Partager la publication "Mathias Jud et Christoph Wachter, les robins des bois du net"
C’est à côté d’un bidonville rom
de Montreuil, en Seine-Saint-Denis, que Mathias Jud nous a donné rendez-vous. Surprenant de la part d’un artiste qui, avec son compagnon Christoph Wachter, exposait à la Gaîté-lyrique et au musée des Arts et Métiers en 2013. Et affiche seize prix artistiques décernés par
des institutions suisses, allemandes ou européennes. C’est pourtant là, loin des temples de la culture, qu’il faut se rendre pour découvrir le travail récent de ces deux créateurs suisses installés à Berlin.
Mathias est à Montreuil pour
l’hôtel Gelem – du nom de l’hymne
des roms. une bicoque en bois installée au milieu des caravanes, qui accueille depuis l’automne 2011 des « touristes embarqués », curieux de partager le quotidien de cette population, à quelques kilomètres mais mille lieues de la place Beauvau, d’où est régi son sort. « Aller
à Gelem, c’est accepter la sédentarité
des Roms. Ce ne sont pas eux qui voyagent,
c’est le visiteur », explique Mathias.
Il existe d’autres Gelem. À Mitrovica, ancienne ville rom ravagée par la guerre du Kosovo; à Shutka, en Macédoine, capitale européenne des Roms ; à Berlin,
à Fribourg… cette « chaîne » d’hôtels créée par Mathias et Christoph a permis de dégager des revenus pour installer l’électricité et l’eau potable dans ces camps.
« Mais il manquait une chose, raconte Mathias avec son accent suisse alémanique.
Internet. On nous répète
que tout le monde peut accéder librement
au web. Mais depuis des lois comme Hadopi, il est impossible d’avoir une connexion fixe sans adresse ou compte bancaire. C’est
un dispositif de pouvoir énorme : les exclus de la ville sont aussi exclus du numérique. »
« On nous répète
que tout le monde peut accéder librement
au web. Mais depuis des lois comme Hadopi, il est impossible d’avoir une connexion fixe sans adresse ou compte bancaire. »
« Vélo pirate »
Fracture sociale et fracture numérique ne font qu’une. C’est ce qui a poussé Mathias et Christoph à lancer le réseau
#GLM, pendant numérique de Gelem. À quelques mètres de l’hôtel, un poteau. Au sommet, une antenne improvisée avec une boîte de whisky et du ruban adhésif. Elle permet de capter le Wi-Fi de la Maison populaire, une association locale. C’est pour réparer ce capteur de fortune que Mathias est de passage. Le lendemain, c’est au camp de Grigny, dans l’Essonne, qu’il se rendra pour installer le réseau.

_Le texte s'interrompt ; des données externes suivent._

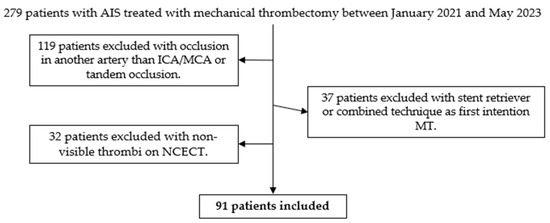 A total of 279 patients with AIS underwent mechanical thrombectomy between January 2021 and May 2023. In 119 patients, the occlusion was in an artery other than the ICA/MCA, or a tandem occlusion. In 37 patients, the initial attempt at mechanical thrombectomy was conducted using the stent retriever or combined technique. In 32 cases, the precise location of the thrombus could not be determined using NCECT. Finally, 91 patients were included in the study (Figure 4).
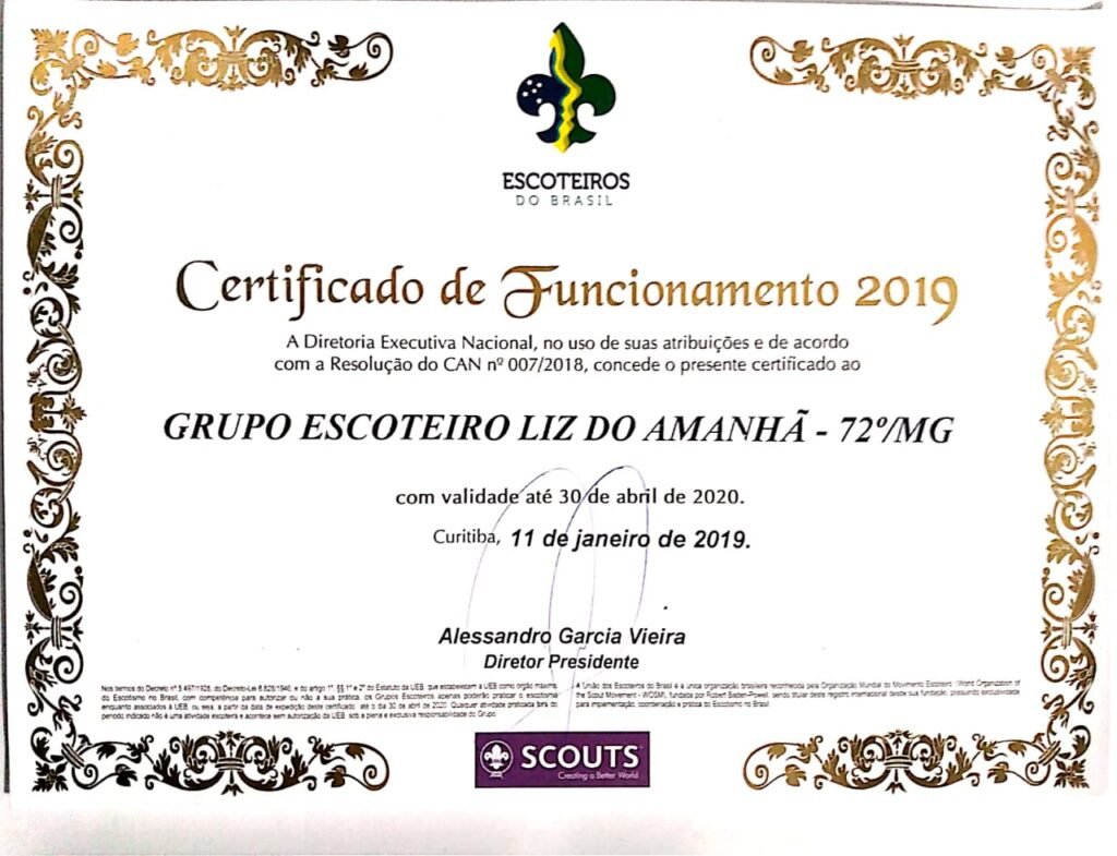 No dia 27 de fevereiro de 1991, o Grupo Escoteiro Liz do Amanhã, recebe oficialmente o certificado de reconhecimento pela UEB – União dos Escoteiros do Brasil, documento este que habilita ao trabalho de formação extra-escolar.

Avant #GLM, Mathias et Alex, figure rom de Montreuil, avaient imaginé un prototype de « vélo pirate ». Bardé d’antennes faites de conserves,
d’un petit pc portable et d’une clé wi-fi, le biclou sillonnait la ville en tentant de
se connecter à tous les réseaux disponibles. « En rentrant le soir, on pouvait regarder les fichiers téléchargés », se rappelle Mathias.
Prison secrète
On ne sait jamais trop où s’arrête la politique et où commence l’art avec les « œuvres-outils » des deux amis. Et ce dès leurs débuts. C’était en 2000, avec le projet
Zone interdite. Sans formation web initiale – Mathias a étudié la chimie, Christoph les beaux-arts –,
ils lancent une plateforme numérique sur laquelle chacun peut publier des documents – image, article, url – sur les bases militaires secrètes. Succès de l’opération : ils décident d’utiliser les fragments récoltés pour modéliser le camp de Guantánamo
en 3D. De 2006 à 2009, la reconstitution virtuelle est exposée en Allemagne, en Italie et au Brésil. Les visiteurs peuvent franchir les murs de la prison
et s’y déplacer, comme dans un jeu vidéo.

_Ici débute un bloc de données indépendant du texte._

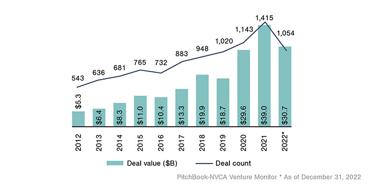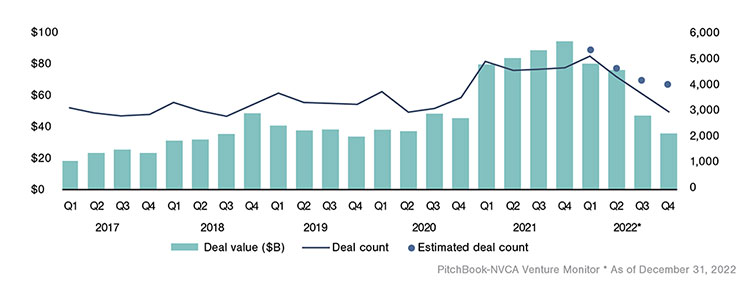 - 1 a b "Pitchbook-NVCA Venture Monitor: Q4 2022," https://pitchbook.com/news/reports/q4-2022-pitchbook-nvca-venture-monitor, January 11, 2023.
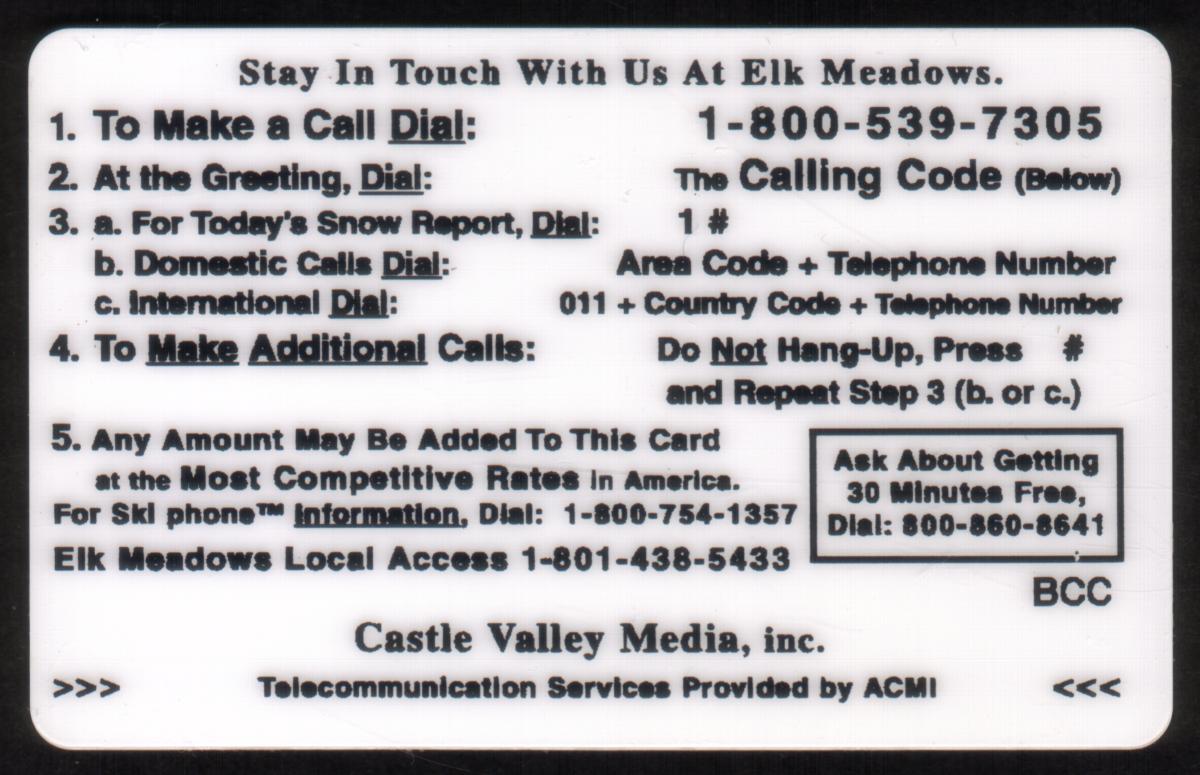 This collectible phone card features a detailed illustrated trail map of the Elk Meadows Snow Ski Resort Area in Southern Utah. The map prominently displays multiple ski runs, lift lines, and topographical details of the mountainous terrain. The illustration is rendered in shades of blue and white, emphasizing the snow-covered landscape and elevation changes.
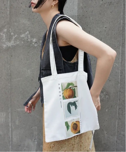 HATAMAN×Ameriコラボレーションアイテム!!! Ameriオリジナル柄をプリントしたミニトートバック。 3つの正方形に切り取ったような柄がポイント。 背面にはAmeriロゴの刺繡入り。 配色のステッチがさりげなく目を惹くアクセントになっています。 シンプルながらもこなれた雰囲気に。 丸めてスナップで止めればコンパクトに畳めて、持ち運びも簡単な実用性抜群のアイテム。 同デザインのTシャツもご用意。 --------------------------------- 透け感:なし 裏地:なし 伸縮性:なし 光沢感:なし 生地の厚さ:普通 お手入れ方法:手洗い可 --------------------------------- ■畑萬陶苑(はたまんとうえん) 1926年(昭和元年)創業の伊万里鍋島焼窯元。 350年におよぶ鍋島焼の伝統を継承し、職人の手仕事による巧みの技と審美眼で感動を生み出すものづくりを目指す。艶やかな絵付けを際立たせる透明感のある白い肌合い、余白を活かした絶妙な構図と奥行きの表現など、美と技を受け継ぎながらも、新しい素材や技法も積極的に取り入れ、これまでにないものづくりを目指す。近年は有名シェフとの食器開発のほか、異業種とのコラボレーションにも挑戦。創造と革新のストーリーを世界に発信している。 今回のコラボレーションは、畑萬陶苑の持つ美意識と技術に深く惹かれたことから、Ameriよりオファーしたことで実現しました。 ※ブランドロゴのリニューアル移行期間に伴い、モデル着用商品および商品単体画像とお届け予定の商品とで付属品のロゴデザインが異なる場合がございます。予めご了承ください。 ※商品画像はサンプルのため、色味やサイズ、素材の混率等の仕様に変更がある場合がございますので、予めご了承ください。 ※モデル着用写真につきましては、光や照明の加減により、実際よりも色味が異なって見える場合がございます。商品の色味は、商品単品の画像をご参考ください。 また、使用しているパソコンのモニターやスマートフォン等の設定により、現物と画像の色味が若干異なる場合もございます。予めご了承ください。 (色落ち) この製品は色落ちに注意が必要です。発汗・摩擦等(特に湿っている時)により、多少脱色したり、色移りすることがあります。雨や汗等で濡れた時はすみやかに水洗いをして下さい。洗濯は手洗いで軽く押し洗いし、色落ちする恐れがありますので、ほかの物と一緒に洗わないで下さい。濡れた状態でしばらく放置すると、ほかの洗濯物に色が移ることがありますので、脱水は短時間で処理し、すぐに形を整えて干して下さい。濡れたままほかの洗濯物とは絶対に重ねないで下さい。洗濯の際にはもみ洗いは避け、漂白剤は絶対に使用しないで下さい。洗剤を直接製品にふりかけないで下さい。蛍光増白剤が入っていない洗剤を必ず使用して下さい。 (顔料プリント製品) この製品は、より自然な風合いを表現する為、特殊な顔料でプリント加工を施しています。着用や洗濯を繰り返すことにより、もまれたり擦られたりすると、ひび割れや脱落することがあります。着用の際は、バッグ等で必要以上に摩擦しないで下さい。
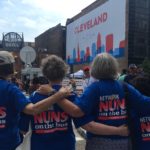 A severe thunderstorm blasted the morning sky over Cleveland as we boarded the bus for downtown. Sister Simone Campbell described the streaks of lightening and cracks of thunder as "the sky crying that a National Convention is being held here."
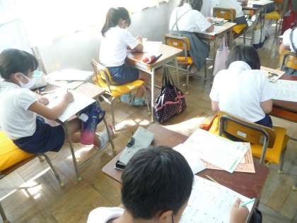 書写の授業です。取捨のワークや、漢字の練習に、黙々と取り組んでいます。

Un an plus tard, la photo d’un vétéran de l’armée de l’air est postée
sur le site de Zone interdite. Au premier plan, de jeunes soldats en pleine partie de beach-volley, sur la plus belle plage
de Guantánamo ; au fond, un bâtiment camouflé qui ne figure sur aucun plan officiel. Il s’agit d’une prison secrète
où une vingtaine d’adolescents furent emprisonnés et dont certains journalistes soupçonnaient l’existence. D’autres prisons seront ainsi repérées, en Irak
et en Afghanistan. Mais Mathias récuse tout militantisme :
« Ce n’est pas pour
ou contre le militaire. C’est un outil pour réfléchir à ce que peut vouloir dire “pas le droit de regarder”, à l’heure du numérique. »
L’une des dimensions de l’œuvre de Mathias et Christoph est de lever le voile sur les interdits. « En pleine guerre froide, certains habitants de Berlin bravaient l’interdit et perçaient de petits trous dans le mur qui scindait la ville, pour voir au-delà, raconte Mathias. On les appelait picidae, “pics verts” en latin. » Picidae est aussi
le nom d’un programme informatique mis au point en 2009 par Mathias et Christoph pour percer la cybercensure.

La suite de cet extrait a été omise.